LAJ ARTICLES

FCC deserves share of labor blame

Deregulated cable feeding baseball’s high-money fire

COMMENTARY By Evan Weiner, NBCSPORTS.COM CONTRIBUTOR

Aug. 20 — If and when the Major League Baseball Players Association walks out, there will be plenty of accusations directed at Commissioner Bud Selig and baseball’s 29 owners along with Players Association Executive Director Donald Fehr and the players.

BUT THERE ARE two other entities that will go largely unnoticed that deserve a good deal of the blame as well. Congress and the Federal Communications Commission. Congress and the FCC have fingerprints all over sports. By not regulating cable television, both have contributed to skyrocketing player costs in baseball, hockey and basketball. Congress and the FCC have given monopoly powers to the cable industry and cable networks like the Walt Disney Company’s ESPN, Rupert Murdoch’s FOX Sports Network and AOL-Time Warner’s Turner Sports have spend an enormous amount of “other people’s money” on buying baseball, hockey, basketball, college games for programming on their various sports networks. Baseball teams share in Murdoch’s FOX Sports over-the-air TV monies, but baseball has not changed its rules on local revenue sharing in more than a century and that’s where the financial inequities between the teams occur.

The New York Yankees-owned cable YES Network produces more money than the bottom seven team’s local cable television contracts combined. That gives the Yankees a financial advantage over those teams who for a variety of reasons ranging from a lack of imagination to form a cable network to a lack of population cannot compete with the Yankees. If there is a strike, Yankee owner George Steinbrenner will be at the center. A good many of baseball’s “neediest” owners want a slice of Steinbrenner’s cable TV money. The union wants Steinbrenner to be able to pay players because he keeps salaries high.

But there is a third party here, an invisible party to those who are heavily involved. Cable television “basic” subscribers, who are footing the bill for salaries without knowing it. The 76.7 million basic cable subscribers are
paying at least $3 billion in annual fees to subsidize both professional and college sports.

Sports lives on cable TV’s basic tier and that means that all subscribers, whether they are sports fans or not, all paying for sports. In some instances, non-sports fans are paying as much as $200 annually for the right of not watching sports on their cable. Cable networks have confidentiality clauses with systems operators to not divulge actual network costs to consumers.

Because of deregulation, the Congress and the FCC have crafted a system that has created a bank for sports and has left consumers with no choices and no rights. It’s led to a so-called lack of competition problem in baseball, and could lead to an ugly basketball lockout.

And here’s major consumer problem that both Congress and the FCC will need to address. The NBA starts its a new six year, $4.6 billion contract in the fall with AOL-Time Warner and the Walt Disney Company and one of the provisions with the ESPN portion of the deal is that the so called sports leader, ESPN, will pay rights fees to the NBA in either 2004 or 2005 if the owners decide to lockout the players once the present collective bargaining agreement ends. Disney then threw in a sweetener.

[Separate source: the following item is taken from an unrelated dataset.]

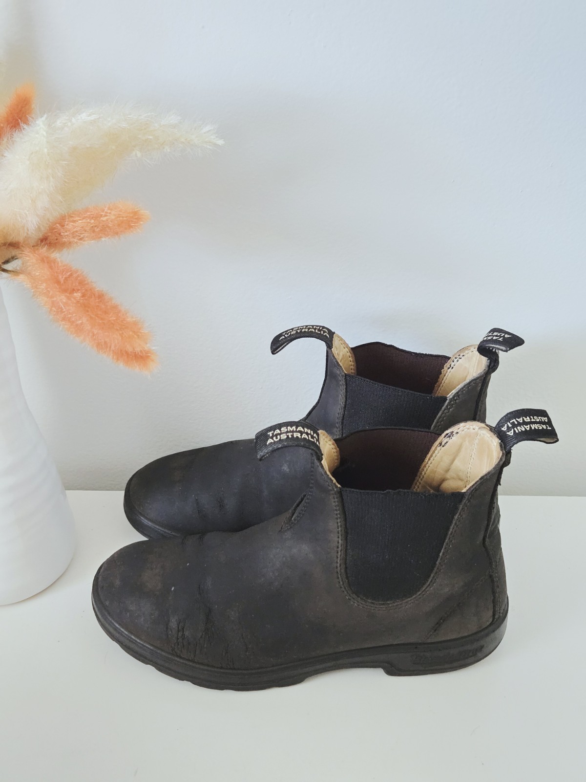 "The evolution of the iconic #500 boots continues with these Blundstone Classic Chelsea boots. Made for thrill seekers and explorers, these boots offer the ultimate in comfort and durability." Women's US Size 8.5. Preowned in good condition with some visible wear on the leather, as shown in the photos (see photos). They could probably use some leather conditioning. PLEASE NOTE π Please take your time to review the photos closely as they are part of the item's description. We always try to present colors as accurately as we can, but keep in mind that colors may show up differently on different devices. We do our best to take all photos in natural light during the day, so as to ensure that any noticeable flaws are visible in the best lighting. π We include written measurements in our descriptions where applicable and also show the measurements in the photos. π We pack everything as carefully as we can and all orders come from a clean, pet-free, smoke-free space. π All of our items are sold as is. We do not accept returns. If you have any questions or need to see another photo or two, feel free to reach out; we are more than happy to help! Warmly, Tamy (Narrow Path Expo)

They would not only pay the owners and provide seed money for a lockout fund but would also air replacement or scab games. So why are we, the cable subscribers, paying for a lockout fund? And how many cable TV subscribers know that a portion of their bill may be earmarked to break a union, the NBPA? Probably just a handful of people.

That’s the beauty of sports and cable. Whenever any sport needs a few quick dollars, they go to a local regional sports cable network or form a cable network charging high rates for programming that doesn’t draw a lot of viewers. The cable TV systems operators take the sports networks, place them on basic and just pass on the cost of the network, along with their take, to consumers whether they want the sports networks or not. The owners and players will share the public blame if the players walk, but Congress and the FCC have some responsibility in this. Cable TV needs regulation. Congress and the FCC should change the cable TV rules not because of a sports strike but to protect consumers from being ripped off.

Evan Weiner is a commentator on the “Business of Sports” for Westwood One’s Metro Networks.